The gagging of God, so far as courts, professors and advanced theologians can accomplish it, gets slightly in the way of attempts to puzzle out the Tucson massacre.
God with a gag over His metaphorical mouth was a less usual concept back when people talked more routinely than now about evil, not to mention the devil and all his works. A particular word would come up regularly in those old conversations -- sin, defined as stubborn, self-focused detachment from God, accompanied by defiance of His purposes. Sin was supposed to be bad: the more so because all were involved in it. Because all were involved, no one could tell what would happen next. Some nut might sidle into a political gathering, pull out a gun, and ...
It was not that general acknowledgment of moral deficiency provided quick answers to the questions people asked about the awfulness they couldn't help noticing -- wars, murders, assassinations, massacres worse than anything that took place in Tucson last week. That was, for one thing, before TV and the Internet. No one needed a blogger to explain in outraged tones that loud mouths and gun imagery had precipitated this or that horror. There were fewer surprises back then. The nuttiness of the human species was a given.
The desacralization of American life -- achieved at a speed no one would have foretold even 50 years ago -- leaves the secular-minded to identify secular villains and secular ideas as the cause of life's disasters. There was a "climate of hate" in Arizona! Oh, the violent and military language of the tea partiers! The shouting, the screaming at public meetings! Only bad was certain to come of it.

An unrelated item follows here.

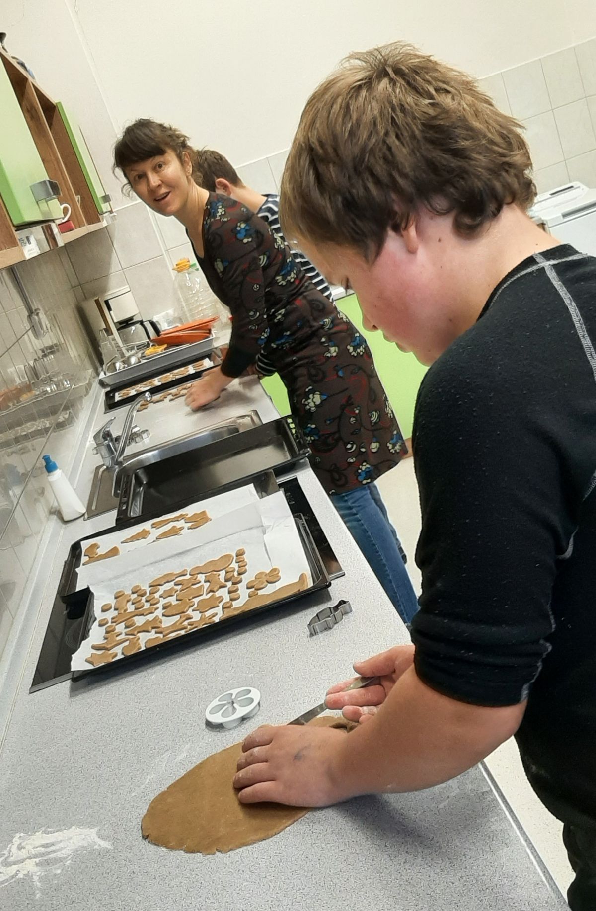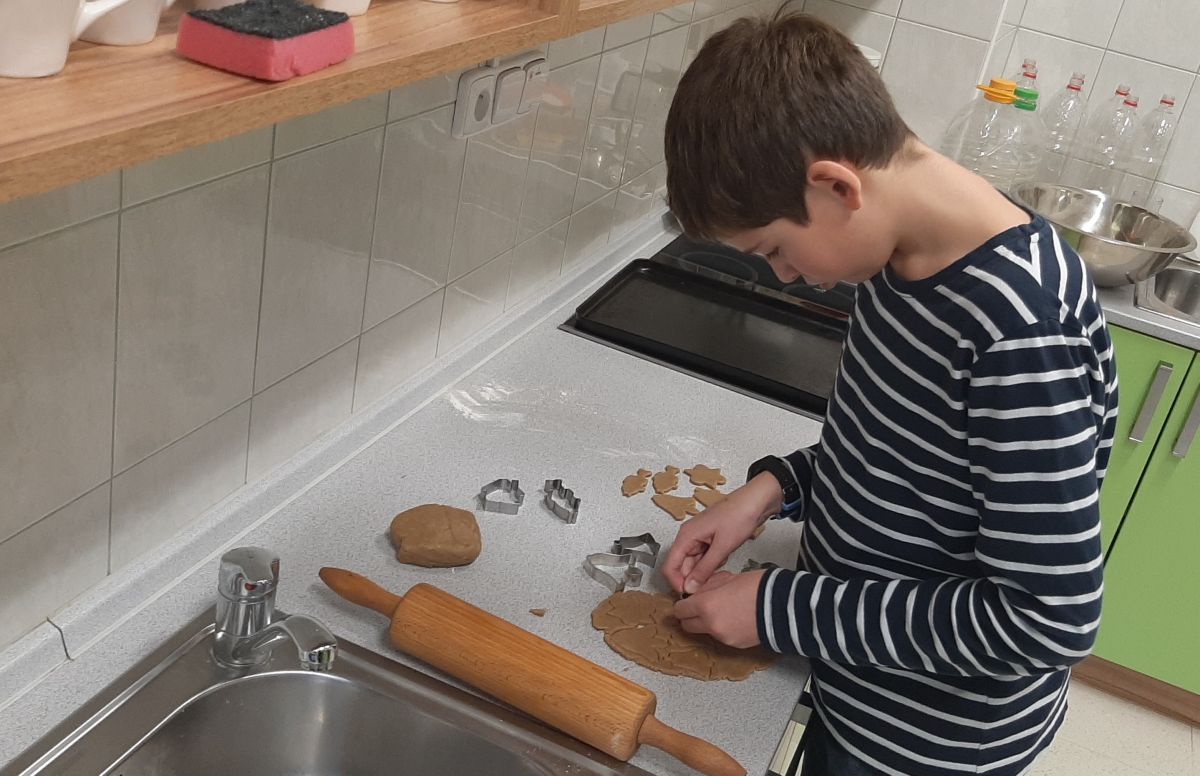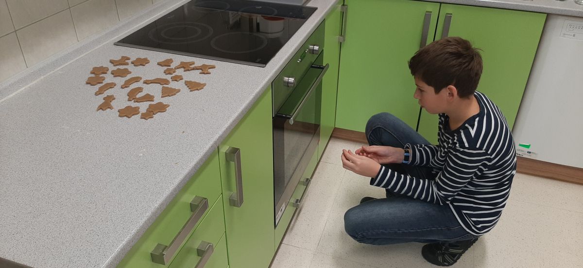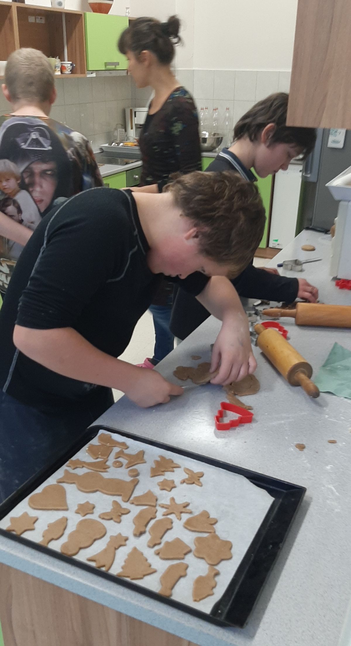 „Po instruktáži od naší paní asistentky jsme se pustili do díla. Rozvážíme těsto, rozválet, ale pozor! V našem těstě je máslo a samé dobroty, takže, kdo je dlouho zahřívá, tak nic nerozválí. Daří se, někdy ne, a zase dokola. Kouzlíme různé tvary-a pak šup do trouby. To, to voní. A to uklízení. Dalo nám to zabrat. Teď to nejhorší-schovat na příští týden část perníčků-proč? No přece budeme zdobit!!!“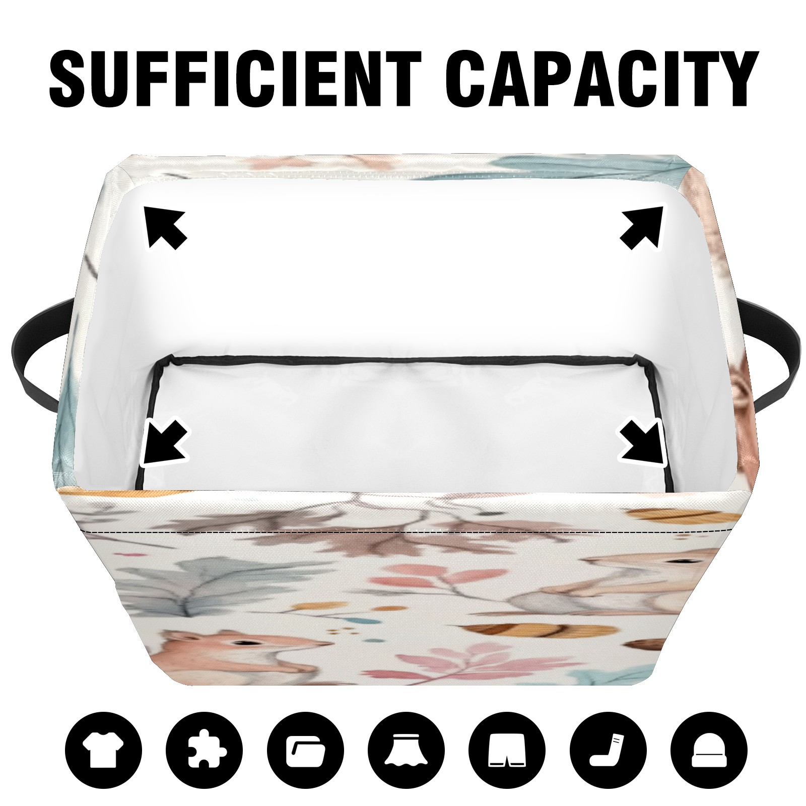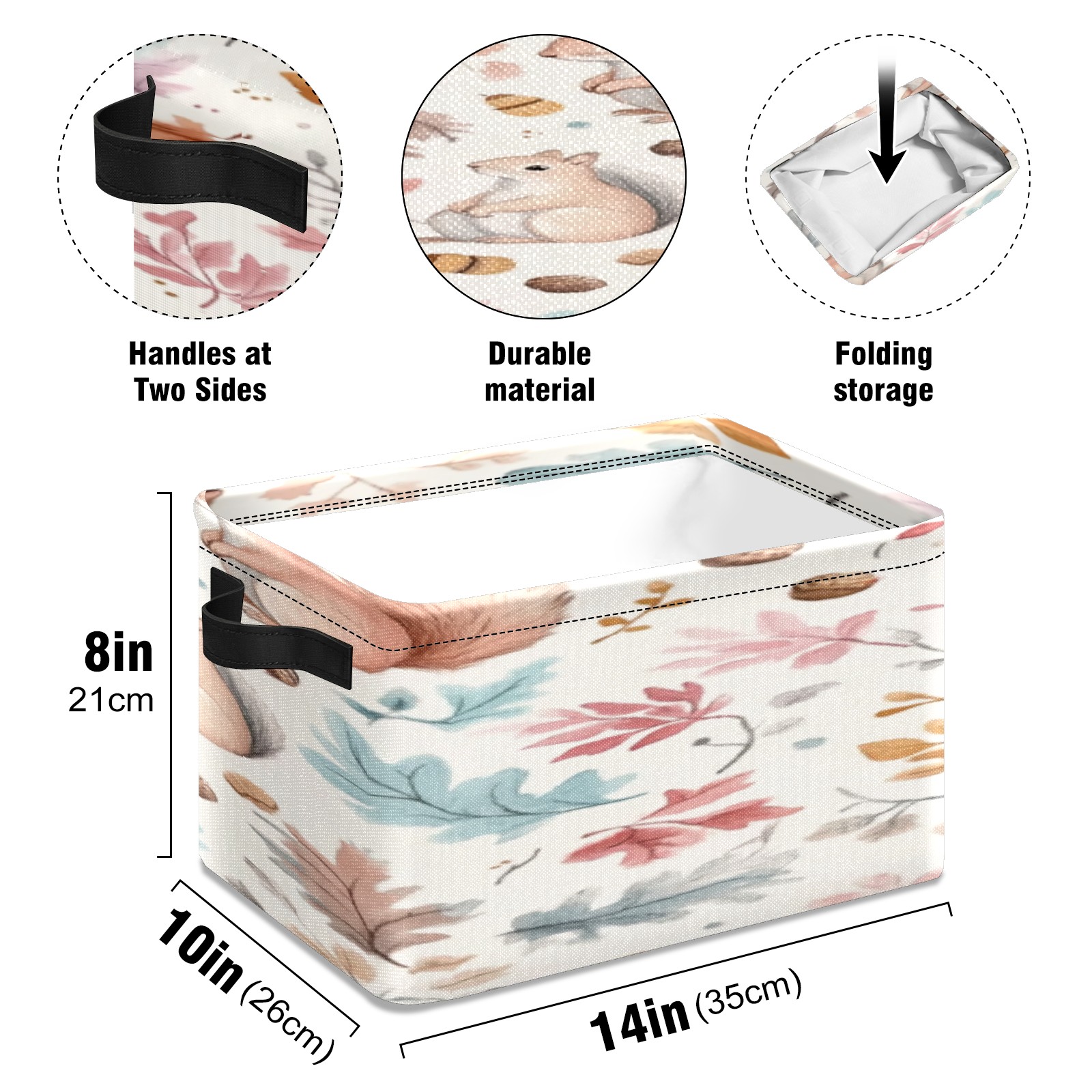 Foldable and Stackable Fabric Storage Basket for Home Organization with Handles, Decorative Closet Bins for Shelves, Laundry, and Toy Storage( Watercolor Squirrels)

Among the ironies of the post-massacre "climate" in the media and the Internet is the not-quite-spoken assumption that the war that took six lives in Tucson continues, with the side that was formerly down -- supportive of health care reform and "civility" -- poised now to beat the bloody hell out of the side that formerly was up. The shouting hasn't gone away; different people have gone to shouting -- that's all. There's a triumphalism in the attacks and self-righteous commentary marshaled by the anti-tea party, anti-Palin set in good, reliable we-told-you-so fashion. That's notwithstanding the absence of proof that Jared Loughner derived even a shred of an idea from the political debates of last year.